На душе у нас было тяжело, руки дрожали и крикнуть по-заячьи, как условились, не удалось. Однако Леньку долго звать не пришлось. Мы рассказали ему, что с нами приключилось по дороге. Ленька молча разглядывал винтовку. И еще похвалил Феликсаса – приклад был сделан на совесть. Ну а что касается Текорюса, сказал он, к чему тут прицепиться – ведь доказательств-то нет.
– Если допытываться начнут, – подбадривал нас Ленька, – стойте на своем до конца: мол, не мы там были, ничего не видели, никакого Текорюса знать не знаем. Допросят и отпустят. А если он к тому же пьяный был, сам ни черта не вспомнит.
Когда мы были все вместе, у меня на душе вроде просветлело, а как разошлись, снова черной тучей навалилась тревога. Легко сказать: допросят и отпустят. Слышали, что за допросы гестаповцы учиняют… И без того тетя хворает, а тут начнут выпытывать, обыскивать, все вверх дном перевернут. Леньке-то что – он вольная птаха: летит, куда захочет.
Долго не мог я уснуть, все вздрагивал от каждого шороха. К тому же за стеной хрипло дышала во сне тетя и машины то и дело с гудением проносились по проселочной дороге. Затаив дыхание я прислушивался, не свернут ли они к нам во двор, не начнут ли полицейские ломиться в дом. Я вспомнил, что в соломенной кровле спрятана другая винтовка, обгоревшая. Надо будет завтра же непременно выбросить ее в болото. Хоть умри, хоть умри, хоть умри…

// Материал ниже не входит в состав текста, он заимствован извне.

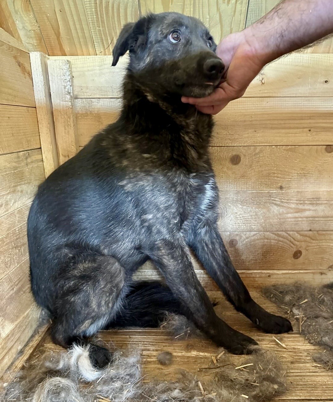 Nora, geboren 2022 und etwa 50 cm groß, hat in ihrem jungen Leben schon viel erlebt. Wir haben sie aus der Tötung Targu Jiu gerettet – und auch wenn sie heute nicht panisch ist, zeigt ihre sanfte Zurückhaltung, dass sie einiges hinter sich lassen musste.
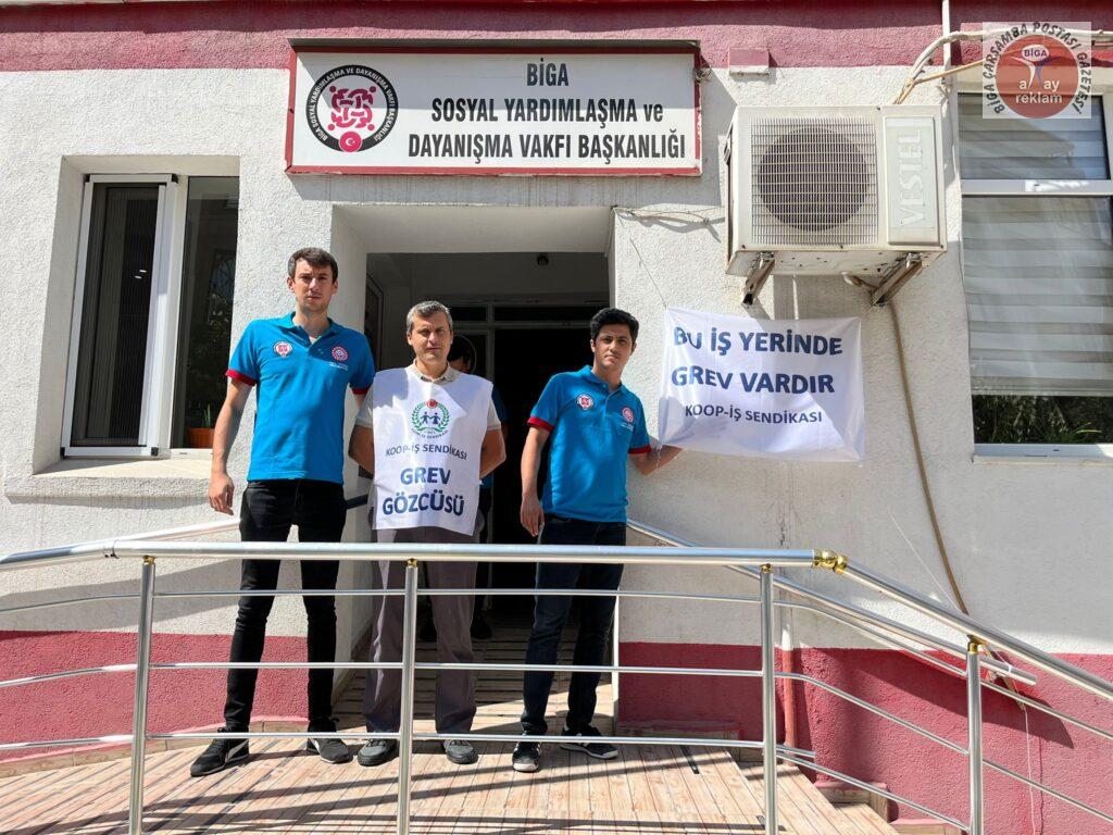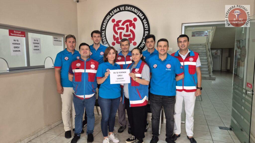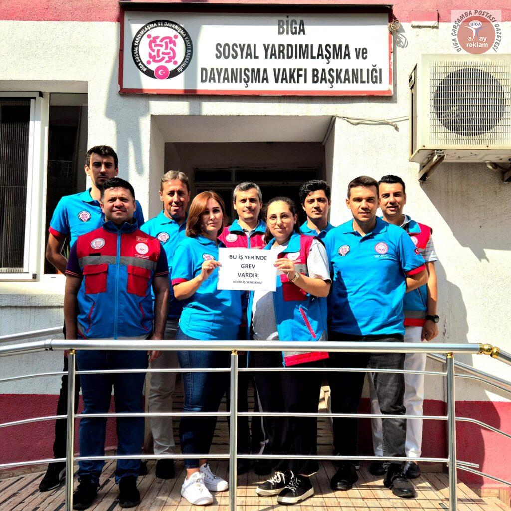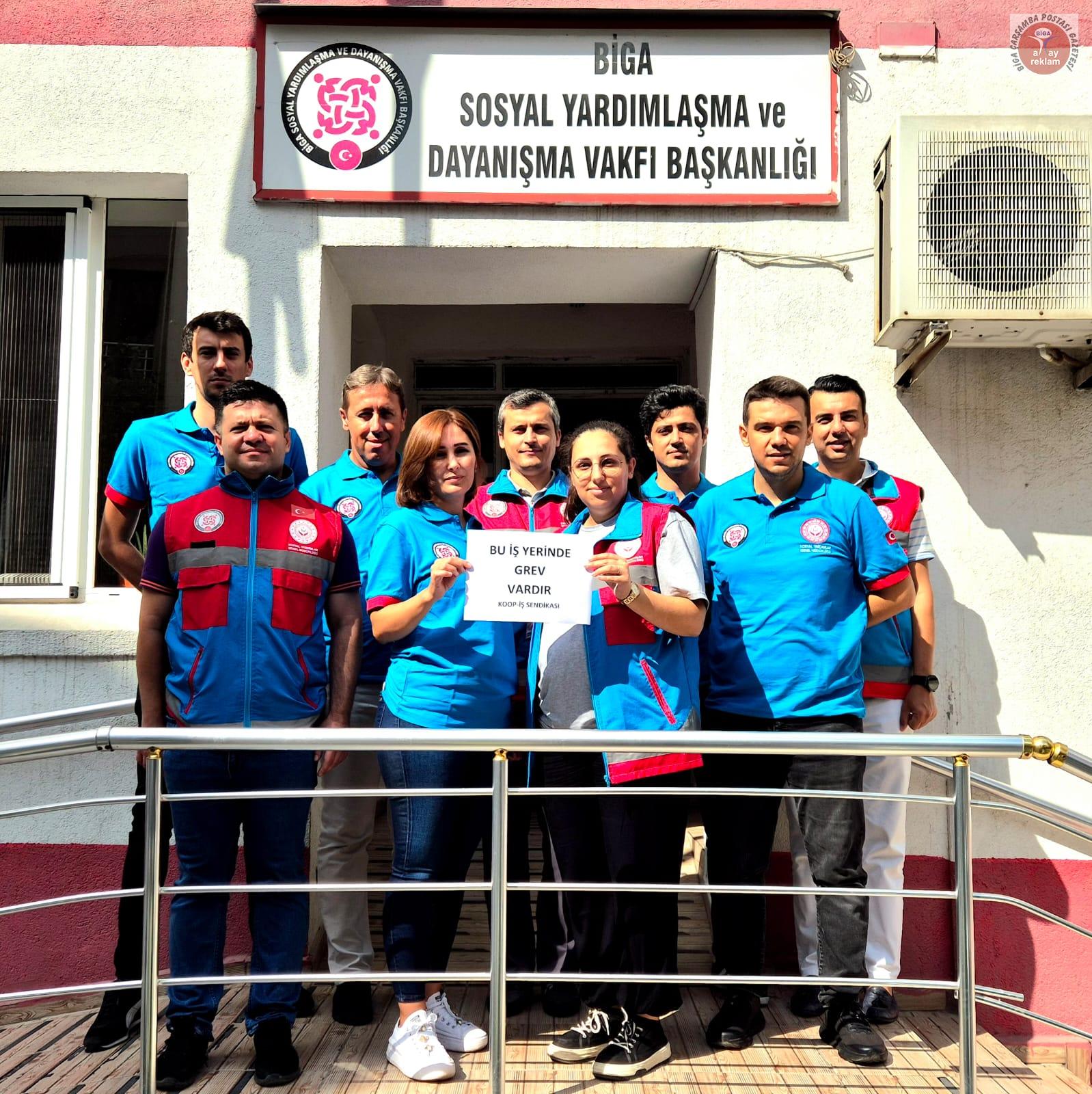 Aile ve Sosyal Hizmetler Bakanlığına bağlı Sosyal Yardımlaşma ve Dayanışma Vakıfları (SYDV) toplu iş sözleşmesi görüşmelerinin anlaşmazlıkla sonuçlanması üzerine çalışanlar greve gitti. Biga’da da grev başlarken, TÜRK-İŞ Genel Başkan Yardımcısı ve Koop-İş Sendikası Genel Başkanı Eyüp Alemdar açıklama yaptı.
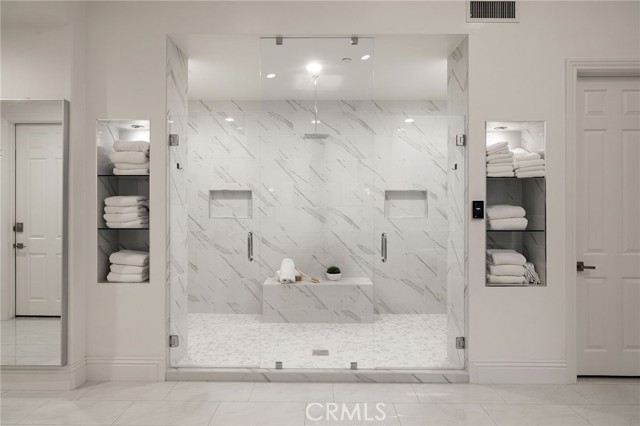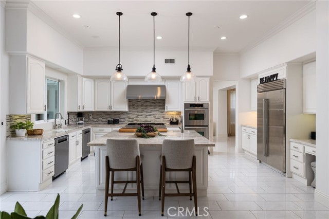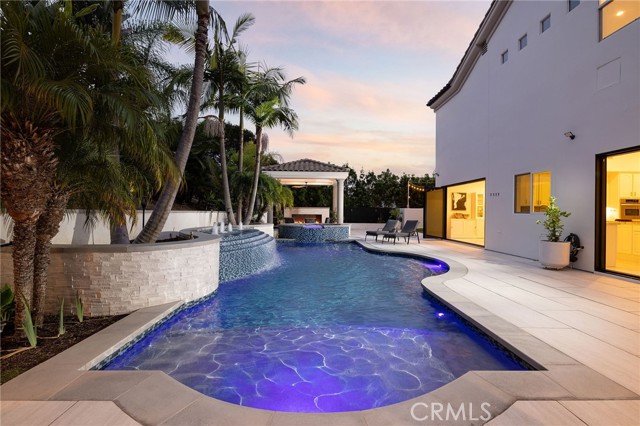 Set within the scenic, gated enclave of Hunters Creek, this exquisitely renovated estate blends timeless elegance with modern comfort, offering an ideal setting for both everyday living and entertaining. Nestled on nearly a half-acre, the home pairs spacious indoor living with a fully reimagined resort-style backyard. A grand double-door entry welcomes you to a beautifully refreshed interior where new flooring and fresh paint inside and out create a bright, cohesive flow. Just off the entry sits a private office, perfect for work or reading. The formal living room impresses with 20-foot ceilings and a striking fireplace, seamlessly connecting to the formal dining room, ideal for hosting memorable gatherings. The gourmet kitchen has been completely transformed with Taj Mahal quartzite countertops, custom cabinetry, new Sub-Zero refrigerator, stove and vent, and an enlarged walk-in pantry. This chef’s space flows effortlessly into the light-filled breakfast nook, expansive family room, and wet bar, creating a warm, central hub with views of the resort-style backyard. The main level also includes a beautifully remodeled guest suite with ensuite bath, powder room, laundry room, and a brand-new elevator offering convenience to the upper floor. Upstairs, a spacious family retreat area opens onto a private balcony overlooking the grounds. Four bedrooms, each with remodeled ensuite bathrooms and custom walk-in closets, provide comfort and privacy. The primary suite is a true haven with a two-sided fireplace, dual walk-in closets, and a spa-inspired bathroom featuring a massive walk-through shower, dual vanities, and elegant finishes. The backyard is a showpiece, completely redesigned with three distinct living areas: a covered dining pavilion, outdoor kitchen with built-in BBQ and refrigerator, and a fireplace lounge perfect for evening gatherings. A new saltwater pool and spa, powered by a 20,000-gallon pool system, sits beside a stacked stone waterfall and generous grassy area, framed by meandering hillside paths and gardens. New fencing and gates enhance privacy and style, creating a true retreat. Additional upgrades include all-new piping throughout, owned solar system, a state-of-the-art surround sound system, extra ceiling storage in the garage, and new cabana doors. Within walking distance of the prestigious St. Margaret’s Episcopal School, this extraordinary estate offers an unparalleled lifestyle of luxury, craftsmanship, and meticulously planned design.
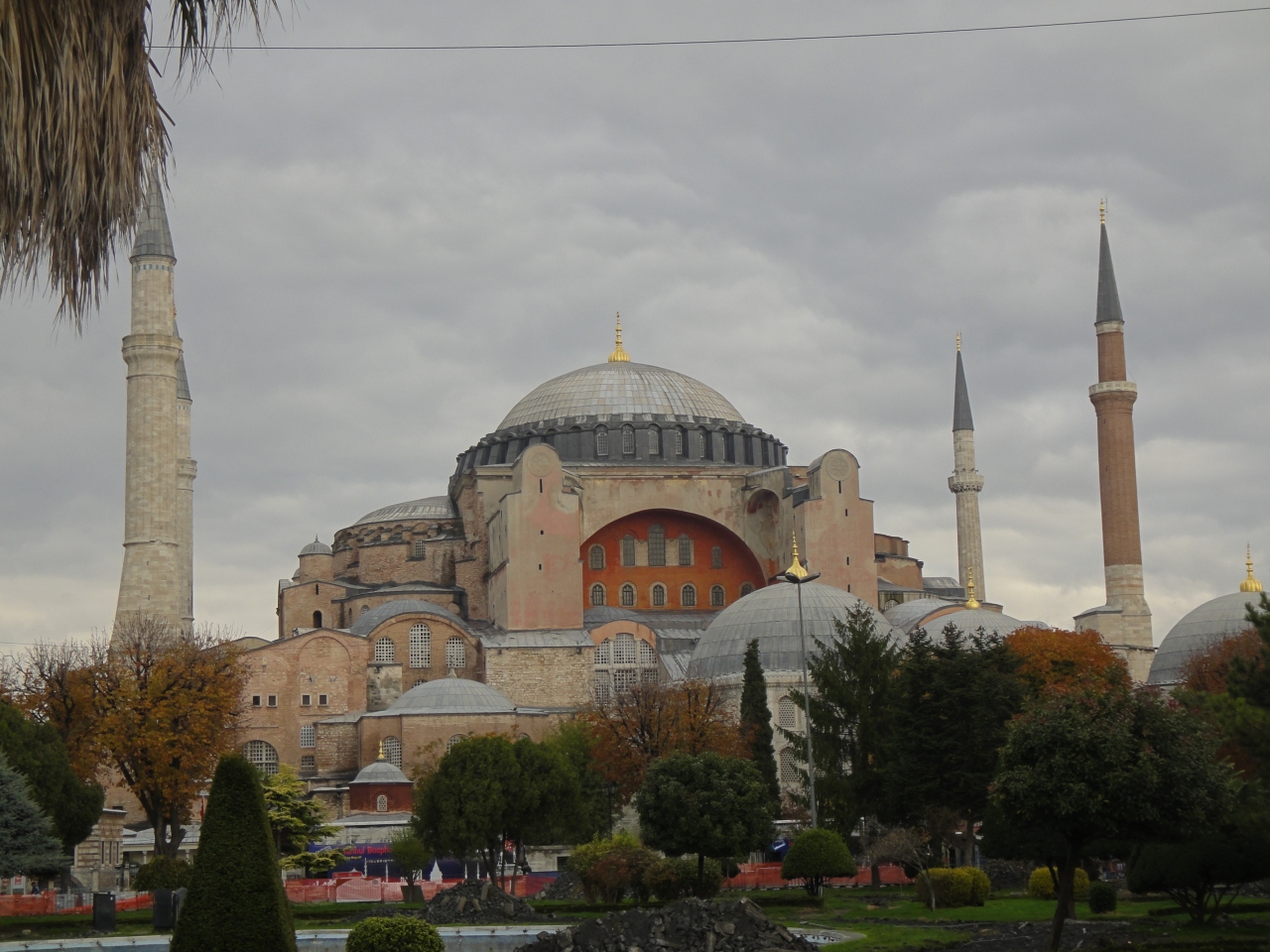 旧市街に建つ著名な観光地のひとつです。ブルーモスクほどの内部の美しさはありませんが、それでもモスクの巨大さと尖塔の高さには目を見張るものがあります。個人的な感想ですが時間が限られているなら内部を見るならブルーモスク。アヤソフィアに関しては外観を眺めるだけでもよかったかなと。

Не успел я, кажется, закрыть глаза, как за окном раздался крик:
– Скоре-е-ей!
Я вскочил весь в холодном поту, выглянул в окно. Уже совсем рассвело, во дворе громко кукарекал петух.
…Бабка любила вставать с солнцем, и в тот день она, как обычно, расхаживала по уже просохшим тропинкам и бубнила утреннюю молитву. Я как раз умывался, когда старуха, подобрав юбку, с криком влетела во двор: оказывается, она своими глазами видела в ельничке, что за банькой, нечистого.
– Чернющий такой, под елкой притаился, а меня увидел и как ощерится – вылитый волк…
Ленька, кому ж там еще быть, подумал я. Они с Милашюсом жгли в лесу смолистые пни и гнали из них деготь – колеса смазывать. Чумазый, оборванный, он и впрямь смахивал на черта. Но чего ради он заявился? Не случилось ли что?
– Здоров ты спать… – услышал я во дворе голос Леньки. – А я, брат, всю ночь глаз не сомкнул. Все думал, думал и знаешь, что решил? Тебе нужно самому взять винтовку и сдать ее в полицию.
– То есть как это сдать? – вытаращился я. – Зря, что ли, мы с ней столько намыкались…
– Стоит Текорюсу донести, тут такая каша заварится… У нас они детей не щадили…
– Ну, отнесу я ее, а дальше что? И винтовку жалко, и самому чего зря в пасть им соваться…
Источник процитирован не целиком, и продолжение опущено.